For comparison, European Union inflation is just over 2% and inflation in the United States is 2.7%.  

In response, investors priced in fewer interest rate cuts this year, sending bond yields higher.  

Inflation also eats into the “real” return from bonds, as their payments are fixed (unless you own inflation-linked bonds). 

Long-dated gilts now yield more than at any point since the late 1990s, with the 20-year yielding 5.45% and the 30-year at 5.6%. The 10-year gilt yields 4.75%.  

Marcus Jennings, fixed income strategist at Schroders, said: “With core inflation heading higher, beating market expectations, this brings further into question the Bank of England’s ability to ease interest rates in the near term.” 

Part of the concern from investors is that the closely watched services inflation measure rose more than 5% year-over-year.  

However, volatile airfares helped drive inflation higher over July, which could reverse in the coming months, according to Jennings.  

In fact, according to the Office for National Statistics (ONS), airfares were up a staggering 30% month-over-month – the highest monthly increase going back to 2001.

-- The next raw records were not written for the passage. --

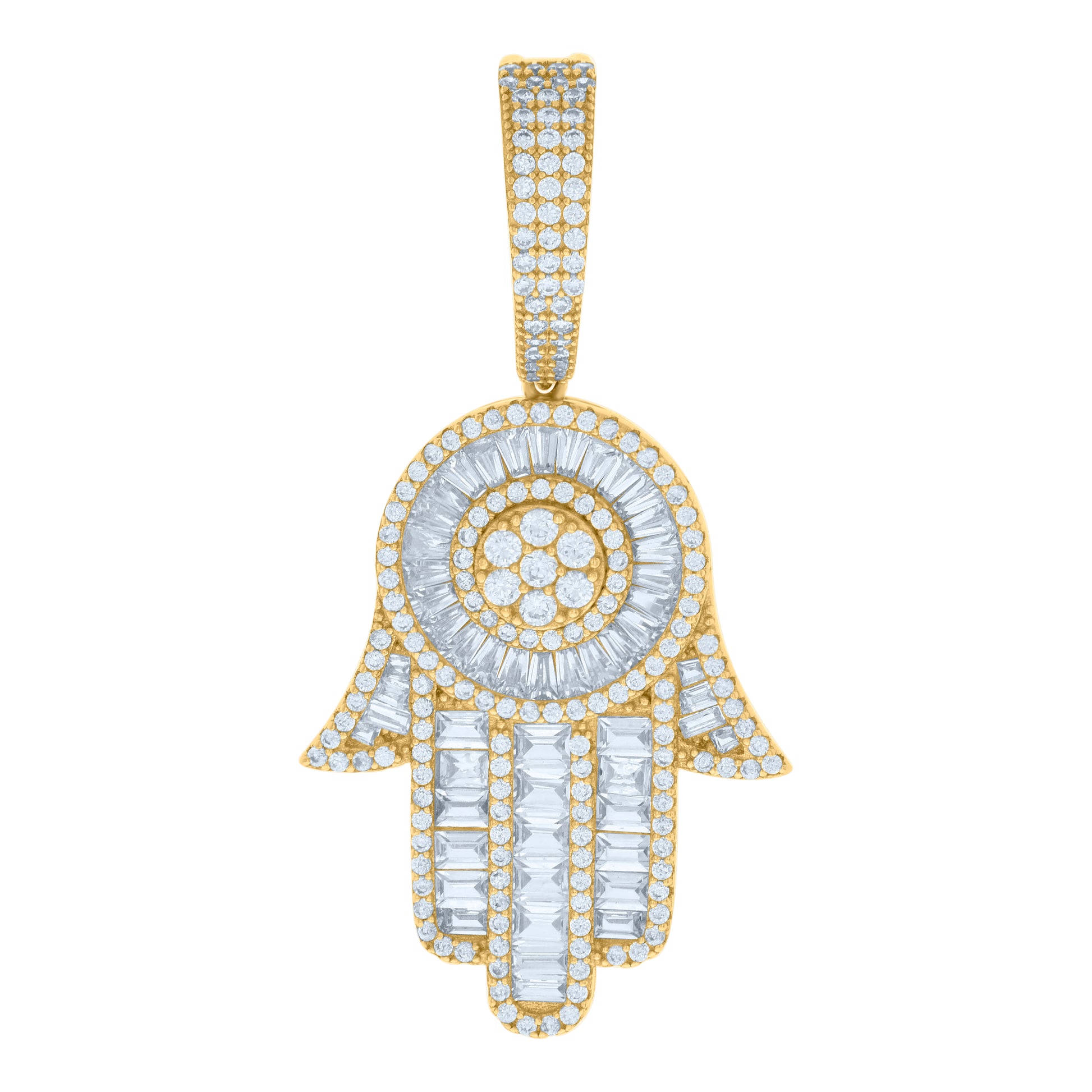 925 Sterling Silver Yellow-tone Mens Baguette Round Cubic-Zirconia Hamsa Religious Charm Pendant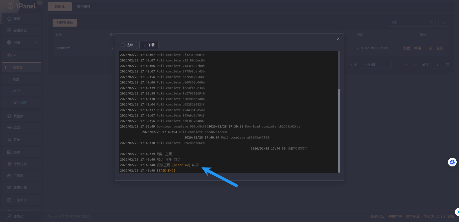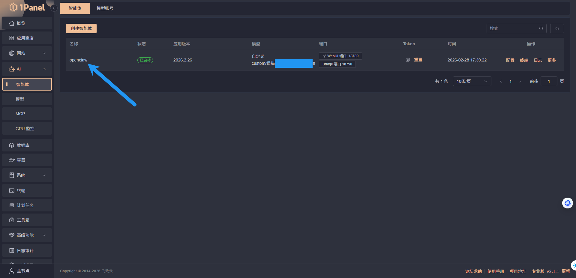 本文基于 1Panel v2.1.1 版本以及 OpenClaw-20260226 版本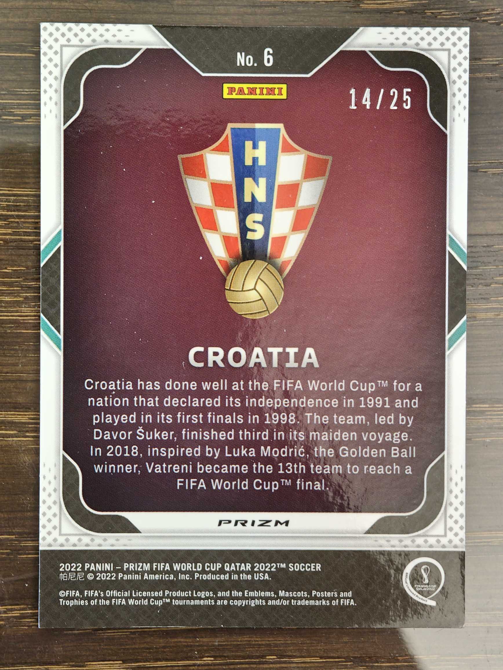 2022 Panini Prizm Fifa World Cup Croatia croatia 克罗地亚 队徽 PZ 橙折 25编 莫德里奇 佩里西奇 格瓦迪奥尔 格子军团

Deutsche Bank says that this is good news as most of this will unwind in the next month or so. 

Sanjay Raja, chief UK economist at the German bank, said: “We expect inflation to push a little higher to near 4% year-over-year in September, before slowly grinding its way lower through the course of the year.” 

Raja now only sees inflation returning sustainably to the 2% target in 2027, with wage disinflation taking time to feed through to price data.  

He concludes: “The Monetary Policy Committee may look for more patience going forward as it grapples with an uncomfortable trade-off: high near-term price momentum versus sluggish labour market data.” 

High and rising inflation, coupled with low economic growth, puts the Bank of England in a tricky situation. On the one hand, it wants to cut interest rates to stimulate the economy, but on the other, lower interest rates risk stoking inflation further.